• **Prompt**:
Leave out the pictures and output the data verbatim.

• **Recorded data**:

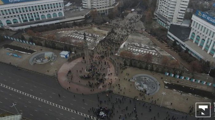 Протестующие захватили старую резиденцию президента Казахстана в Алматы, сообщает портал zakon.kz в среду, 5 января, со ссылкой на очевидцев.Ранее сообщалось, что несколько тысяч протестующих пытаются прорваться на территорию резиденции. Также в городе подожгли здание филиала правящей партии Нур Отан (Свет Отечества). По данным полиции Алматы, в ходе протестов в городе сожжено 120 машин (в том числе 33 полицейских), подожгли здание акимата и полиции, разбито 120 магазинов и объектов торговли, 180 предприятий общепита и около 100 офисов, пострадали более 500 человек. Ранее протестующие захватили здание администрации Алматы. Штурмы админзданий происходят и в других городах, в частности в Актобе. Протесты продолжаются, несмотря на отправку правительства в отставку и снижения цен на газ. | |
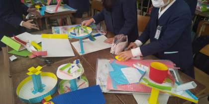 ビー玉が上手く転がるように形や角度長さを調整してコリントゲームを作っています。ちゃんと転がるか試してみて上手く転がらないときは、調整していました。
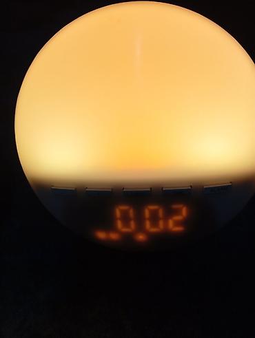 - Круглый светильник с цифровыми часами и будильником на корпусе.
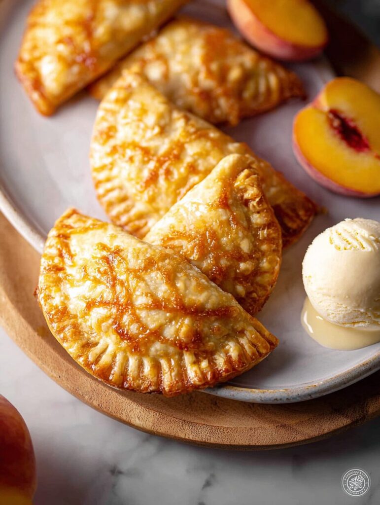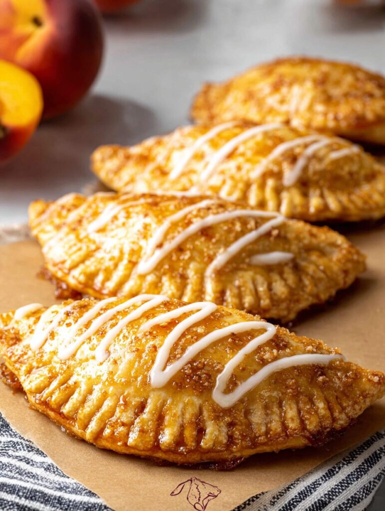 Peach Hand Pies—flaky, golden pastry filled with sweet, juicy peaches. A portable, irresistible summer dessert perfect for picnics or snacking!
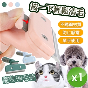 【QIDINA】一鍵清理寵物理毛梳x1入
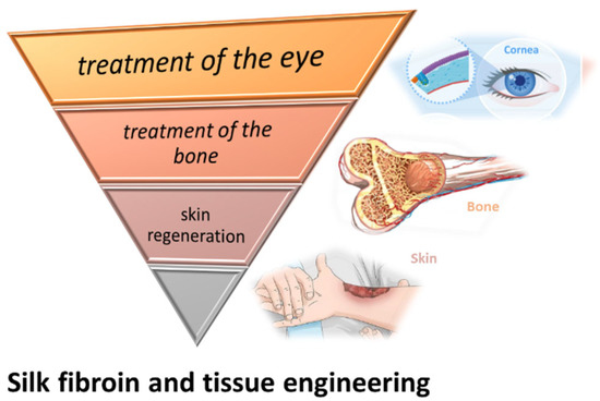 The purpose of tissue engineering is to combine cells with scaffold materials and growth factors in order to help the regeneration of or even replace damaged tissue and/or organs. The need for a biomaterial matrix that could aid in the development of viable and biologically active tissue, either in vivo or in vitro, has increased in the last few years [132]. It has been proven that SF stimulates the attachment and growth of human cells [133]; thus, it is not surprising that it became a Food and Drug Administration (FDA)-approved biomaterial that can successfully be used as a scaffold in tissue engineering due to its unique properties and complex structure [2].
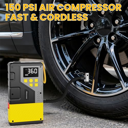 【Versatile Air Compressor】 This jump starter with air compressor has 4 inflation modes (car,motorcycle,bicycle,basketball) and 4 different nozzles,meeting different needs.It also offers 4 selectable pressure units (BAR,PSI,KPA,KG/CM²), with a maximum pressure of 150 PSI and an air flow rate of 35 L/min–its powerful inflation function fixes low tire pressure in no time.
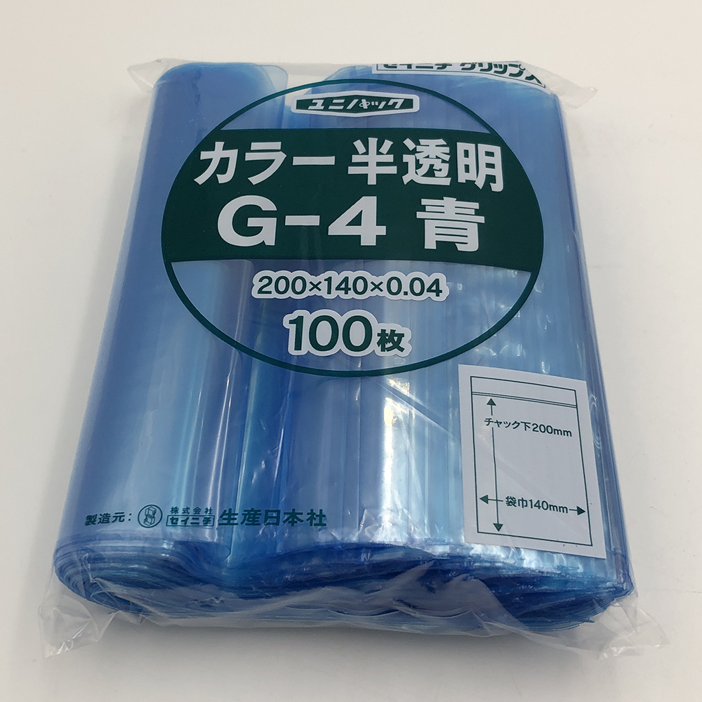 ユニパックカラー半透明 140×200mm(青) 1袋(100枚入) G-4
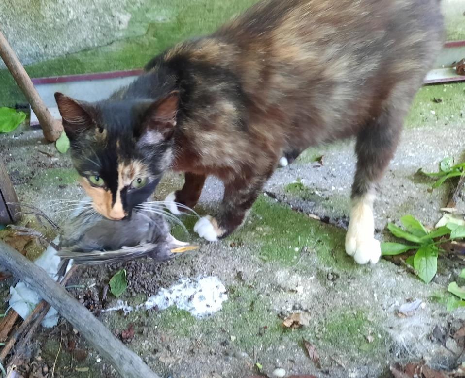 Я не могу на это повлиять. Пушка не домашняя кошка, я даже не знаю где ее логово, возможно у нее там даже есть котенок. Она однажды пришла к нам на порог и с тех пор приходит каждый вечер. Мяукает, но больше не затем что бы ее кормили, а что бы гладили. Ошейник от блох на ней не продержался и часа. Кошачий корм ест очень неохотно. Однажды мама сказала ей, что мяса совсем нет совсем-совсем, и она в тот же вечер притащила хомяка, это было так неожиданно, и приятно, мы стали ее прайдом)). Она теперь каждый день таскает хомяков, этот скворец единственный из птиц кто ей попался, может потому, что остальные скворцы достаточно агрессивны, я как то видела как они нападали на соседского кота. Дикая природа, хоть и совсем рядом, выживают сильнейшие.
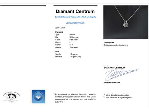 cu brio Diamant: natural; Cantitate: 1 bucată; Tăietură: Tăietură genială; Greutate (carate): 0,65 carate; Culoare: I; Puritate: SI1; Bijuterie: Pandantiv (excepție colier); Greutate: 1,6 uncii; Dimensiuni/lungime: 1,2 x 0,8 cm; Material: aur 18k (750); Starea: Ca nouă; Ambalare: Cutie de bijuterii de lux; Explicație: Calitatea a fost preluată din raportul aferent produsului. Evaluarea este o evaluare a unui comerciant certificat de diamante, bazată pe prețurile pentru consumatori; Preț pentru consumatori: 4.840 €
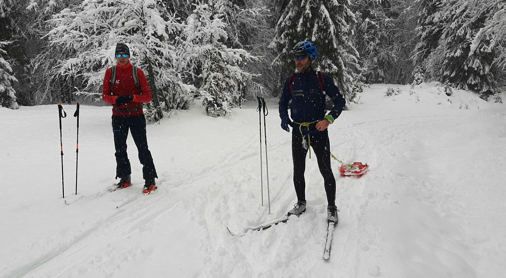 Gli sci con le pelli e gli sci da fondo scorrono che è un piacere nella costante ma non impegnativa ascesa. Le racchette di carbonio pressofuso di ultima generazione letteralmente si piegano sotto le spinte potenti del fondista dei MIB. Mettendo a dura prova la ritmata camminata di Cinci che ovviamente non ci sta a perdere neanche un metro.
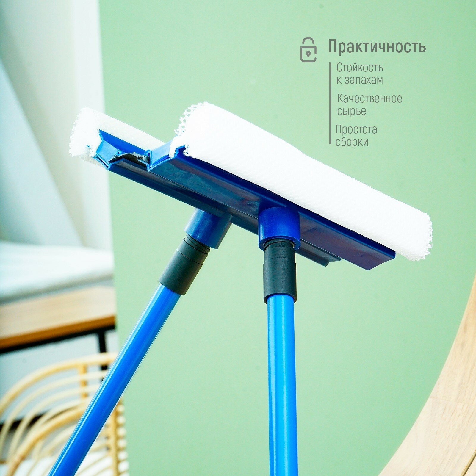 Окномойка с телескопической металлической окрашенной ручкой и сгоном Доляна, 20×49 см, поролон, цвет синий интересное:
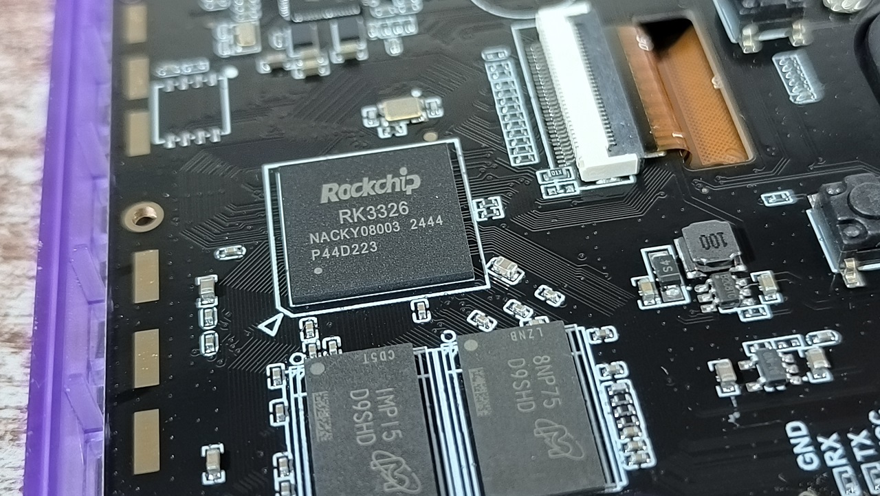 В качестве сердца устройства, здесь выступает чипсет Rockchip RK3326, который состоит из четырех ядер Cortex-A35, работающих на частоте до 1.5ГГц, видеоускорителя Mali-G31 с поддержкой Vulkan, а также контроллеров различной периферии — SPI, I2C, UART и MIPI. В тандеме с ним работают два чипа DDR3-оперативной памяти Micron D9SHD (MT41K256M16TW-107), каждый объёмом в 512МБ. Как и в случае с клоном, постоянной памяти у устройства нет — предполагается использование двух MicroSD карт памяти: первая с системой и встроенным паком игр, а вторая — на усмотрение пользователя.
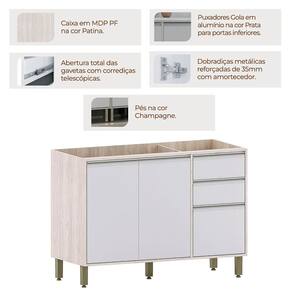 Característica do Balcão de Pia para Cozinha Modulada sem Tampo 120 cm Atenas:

• **Written answer**:
 Протестующие захватили старую резиденцию президента Казахстана в Алматы, сообщает портал zakon.kz в среду, 5 января, со ссылкой на очевидцев.Ранее сообщалось, что несколько тысяч протестующих пытаются прорваться на территорию резиденции. Также в городе подожгли здание филиала правящей партии Нур Отан (Свет Отечества). По данным полиции Алматы, в ходе протестов в городе сожжено 120 машин (в том числе 33 полицейских), подожгли здание акимата и полиции, разбито 120 магазинов и объектов торговли, 180 предприятий общепита и около 100 офисов, пострадали более 500 человек. Ранее протестующие захватили здание администрации Алматы. Штурмы админзданий происходят и в других городах, в частности в Актобе. Протесты продолжаются, несмотря на отправку правительства в отставку и снижения цен на газ. | |
 ビー玉が上手く転がるように形や角度長さを調整してコリントゲームを作っています。ちゃんと転がるか試してみて上手く転がらないときは、調整していました。
 - Круглый светильник с цифровыми часами и будильником на корпусе.
 Peach Hand Pies—flaky, golden pastry filled with sweet, juicy peaches. A portable, irresistible summer dessert perfect for picnics or snacking!
 【QIDINA】一鍵清理寵物理毛梳x1入
 The purpose of tissue engineering is to combine cells with scaffold materials and growth factors in order to help the regeneration of or even replace damaged tissue and/or organs. The need for a biomaterial matrix that could aid in the development of viable and biologically active tissue, either in vivo or in vitro, has increased in the last few years [132]. It has been proven that SF stimulates the attachment and growth of human cells [133]; thus, it is not surprising that it became a Food and Drug Administration (FDA)-approved biomaterial that can successfully be used as a scaffold in tissue engineering due to its unique properties and complex structure [2].
 【Versatile Air Compressor】 This jump starter with air compressor has 4 inflation modes (car,motorcycle,bicycle,basketball) and 4 different nozzles,meeting different needs.It also offers 4 selectable pressure units (BAR,PSI,KPA,KG/CM²), with a maximum pressure of 150 PSI and an air flow rate of 35 L/min–its powerful inflation function fixes low tire pressure in no time.
 ユニパックカラー半透明 140×200mm(青) 1袋(100枚入) G-4
 Я не могу на это повлиять. Пушка не домашняя кошка, я даже не знаю где ее логово, возможно у нее там даже есть котенок. Она однажды пришла к нам на порог и с тех пор приходит каждый вечер. Мяукает, но больше не затем что бы ее кормили, а что бы гладили. Ошейник от блох на ней не продержался и часа. Кошачий корм ест очень неохотно. Однажды мама сказала ей, что мяса совсем нет совсем-совсем, и она в тот же вечер притащила хомяка, это было так неожиданно, и приятно, мы стали ее прайдом)). Она теперь каждый день таскает хомяков, этот скворец единственный из птиц кто ей попался, может потому, что остальные скворцы достаточно агрессивны, я как то видела как они нападали на соседского кота. Дикая природа, хоть и совсем рядом, выживают сильнейшие.
 cu brio Diamant: natural; Cantitate: 1 bucată; Tăietură: Tăietură genială; Greutate (carate): 0,65 carate; Culoare: I; Puritate: SI1; Bijuterie: Pandantiv (excepție colier); Greutate: 1,6 uncii; Dimensiuni/lungime: 1,2 x 0,8 cm; Material: aur 18k (750); Starea: Ca nouă; Ambalare: Cutie de bijuterii de lux; Explicație: Calitatea a fost preluată din raportul aferent produsului. Evaluarea este o evaluare a unui comerciant certificat de diamante, bazată pe prețurile pentru consumatori; Preț pentru consumatori: 4.840 €
 Gli sci con le pelli e gli sci da fondo scorrono che è un piacere nella costante ma non impegnativa ascesa. Le racchette di carbonio pressofuso di ultima generazione letteralmente si piegano sotto le spinte potenti del fondista dei MIB. Mettendo a dura prova la ritmata camminata di Cinci che ovviamente non ci sta a perdere neanche un metro.
 Окномойка с телескопической металлической окрашенной ручкой и сгоном Доляна, 20×49 см, поролон, цвет синий интересное:
 В качестве сердца устройства, здесь выступает чипсет Rockchip RK3326, который состоит из четырех ядер Cortex-A35, работающих на частоте до 1.5ГГц, видеоускорителя Mali-G31 с поддержкой Vulkan, а также контроллеров различной периферии — SPI, I2C, UART и MIPI. В тандеме с ним работают два чипа DDR3-оперативной памяти Micron D9SHD (MT41K256M16TW-107), каждый объёмом в 512МБ. Как и в случае с клоном, постоянной памяти у устройства нет — предполагается использование двух MicroSD карт памяти: первая с системой и встроенным паком игр, а вторая — на усмотрение пользователя.
 Característica do Balcão de Pia para Cozinha Modulada sem Tampo 120 cm Atenas:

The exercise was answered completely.